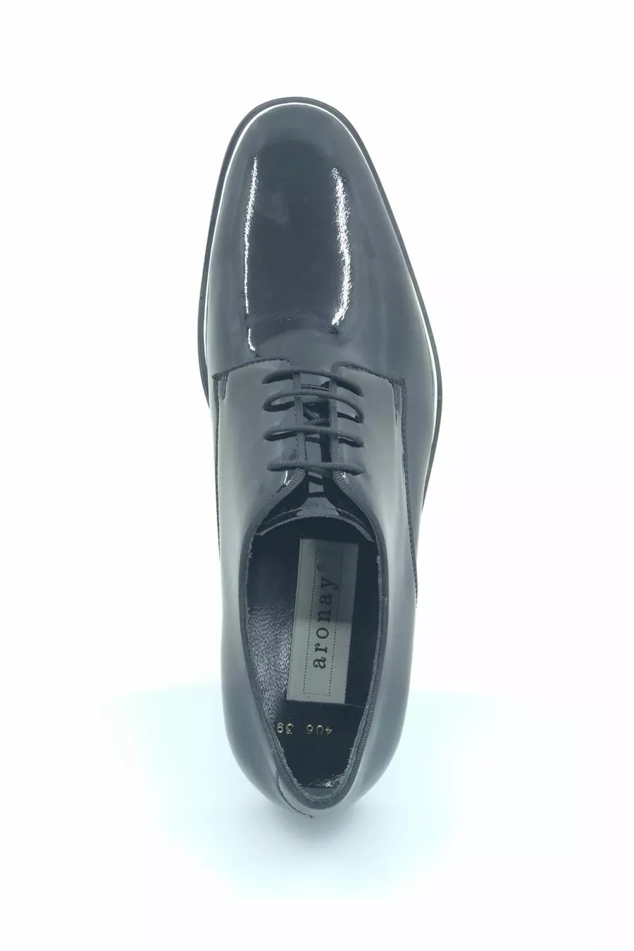 Aronay % Echtleder Schnürung Geripptes Jurdan Leder Herren Classic Schuhe Schwarz-Lackleder
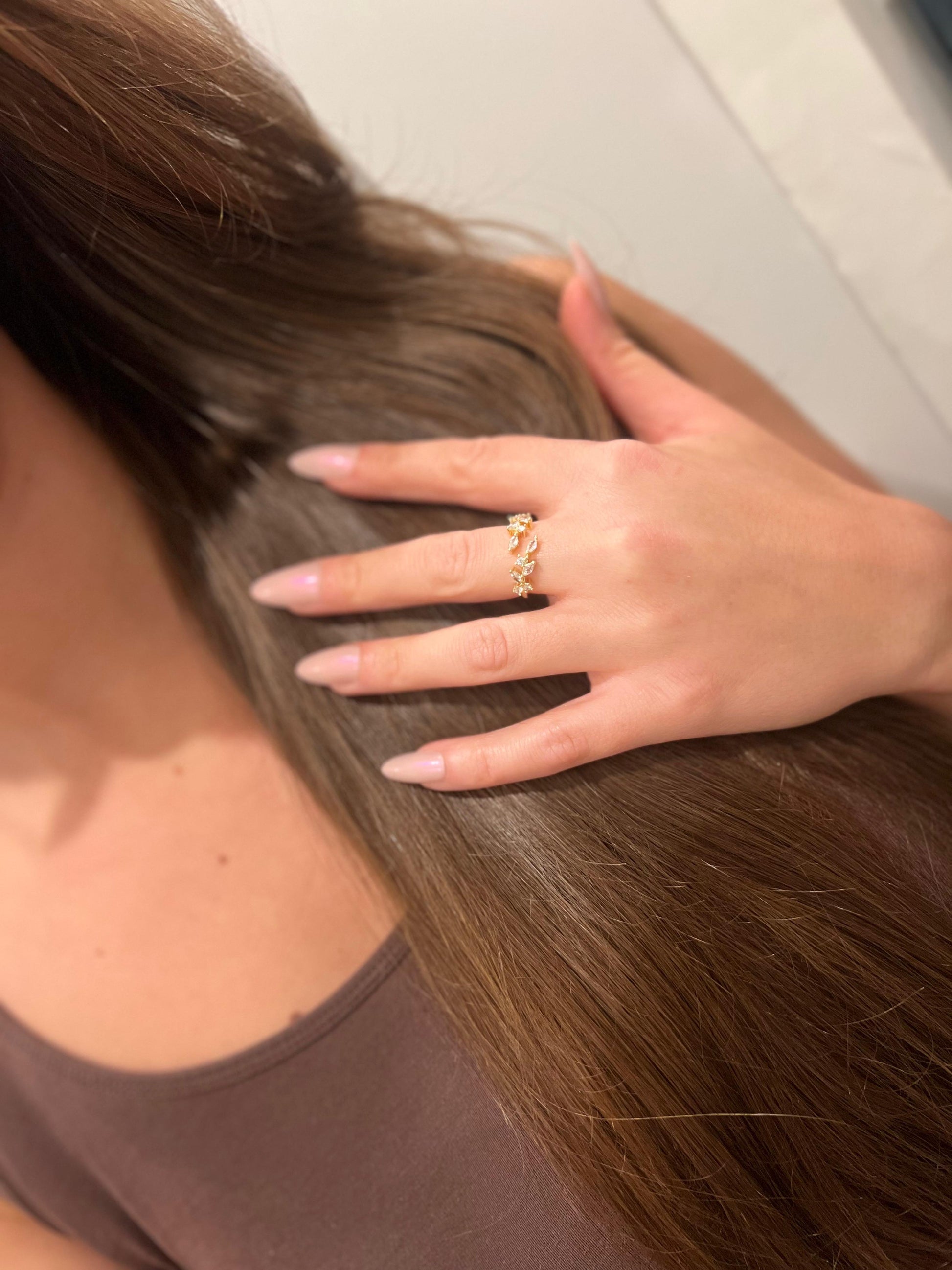 Omarm de elegantie van de natuur met deze betoverende bladring! Het verfijnde design, uitgevoerd in koper met een sprankelend zirkonia mozaïek, combineert organische schoonheid met een vleugje sexy uitstraling. Of u nu een feestelijke bijeenkomst bijwoont of een zonnige vakantie viert, deze ring is uw perfecte accessoire.
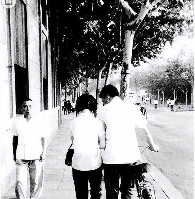 那一对背影,肩并着肩走在老马路上,这种拉着手推着车的相好,在街边藏着点什么,那年头谁也不敢明目张胆亲密,连眼神都留意着,树影斑驳,路宽人少,肩膀挨着胳膊贴着,一路无言里全是默契。旁人扫一眼装做没看见,那就是敢渡不过的青春劲儿,现在街上小情侣花样多,谁还会躲着人走大路呢,不一样了,就是不一样。

→ **What the task requires**: A word-for-word repeat is expected of the lines from the one with "Omarm de elegantie" to the end of the data, both included; pictures are not part of it.

→ **Final answer**:
 Omarm de elegantie van de natuur met deze betoverende bladring! Het verfijnde design, uitgevoerd in koper met een sprankelend zirkonia mozaïek, combineert organische schoonheid met een vleugje sexy uitstraling. Of u nu een feestelijke bijeenkomst bijwoont of een zonnige vakantie viert, deze ring is uw perfecte accessoire.
 那一对背影,肩并着肩走在老马路上,这种拉着手推着车的相好,在街边藏着点什么,那年头谁也不敢明目张胆亲密,连眼神都留意着,树影斑驳,路宽人少,肩膀挨着胳膊贴着,一路无言里全是默契。旁人扫一眼装做没看见,那就是敢渡不过的青春劲儿,现在街上小情侣花样多,谁还会躲着人走大路呢,不一样了,就是不一样。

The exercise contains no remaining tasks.